Ненависть. Вот слово, которое нравилось ей теперь больше всего. Такое мягкое, но в то же время сильное. И когда слово «друг» исчезало, она писала другое.
Ненависть.
Вернешься домой – ключ под камнем. Помни.
И она помнила. Она только ждала момента, когда сможет найти дорогу к этому камню. За спиной послышались шаги. Кто-то встал рядом.
– Тебе скучно? – женский голос. Это Наталья Кирилловна.
Девочка вздохнула, но не ответила. Не было смысла говорить. Всё равно никто ничему не верит. В этом мире вопросы задают не для того, чтобы получить ответы.
– Я слышала, что случилось на уроке истории.
Алиса поежилась. Маленький укол стыда где-то между лопаток. Именно туда сейчас опустилась рука Натальи. Прикосновение это было едва заметным, неуловимым. Но оно не обожгло, не испугало. Было хорошо, спокойно.
– Ничего страшного, – сказала женщина. – Тебе нечего стыдиться. Если честно, – она перешла на шепот, – я давно мечтала сделать это.
Только теперь обернулась и посмотрела в глубокие голубые глаза классного руководителя.
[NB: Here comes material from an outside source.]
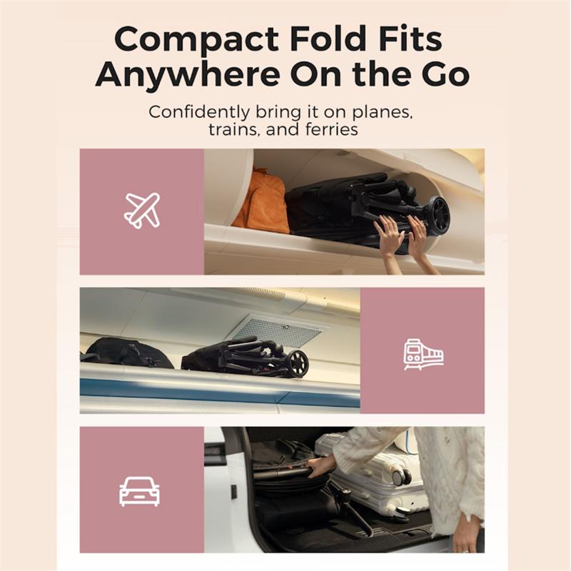 When folded, this compact stroller easily fits into the trunk of your car and overhead bin of a plane (confirm with airline for specific carry-on requirements).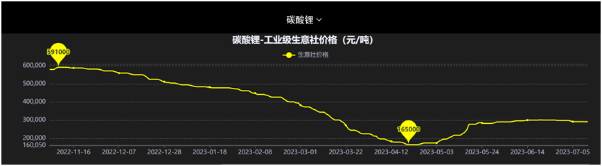 今年上半年,碳酸鋰從去年底的51萬元/噸跌至今年4月底的18萬元后;6%品位的鋰輝石中國(CIF)由年初時的每噸6000美元以上最低跌破今年4月的4000美元。五月份,碳酸鋰和鋰輝石中國(CIF)回暖,但也難現(xiàn)從前盛況!

– Почему? – спросила Алиса.
– Потому что он заслужил. Но мы не всегда должны давать волю своим чувствам, понимаешь?
Алиса уже слышала это. От папы. И покивала головой.
– Ты умная. Тебе здесь не место.
Ну, вот опять…
На уроках английского Алиса изумляла своим произношением и знанием грамматики. Она могла бы сама встать у школьной доски и преподавать. Но Наталья не решалась спросить, кто обучил ее этому. Учителя на перерывах собирались в учительской и живо обсуждали жертву похищения.
Она знала тригонометрию, решала задачки пятого класса со скоростью калькулятора. Умножала в уме огромные числа, обладала превосходным правописанием. А что касалось литературы… Ей было ужасно скучно на уроках, где дети только учились внятно читать вслух.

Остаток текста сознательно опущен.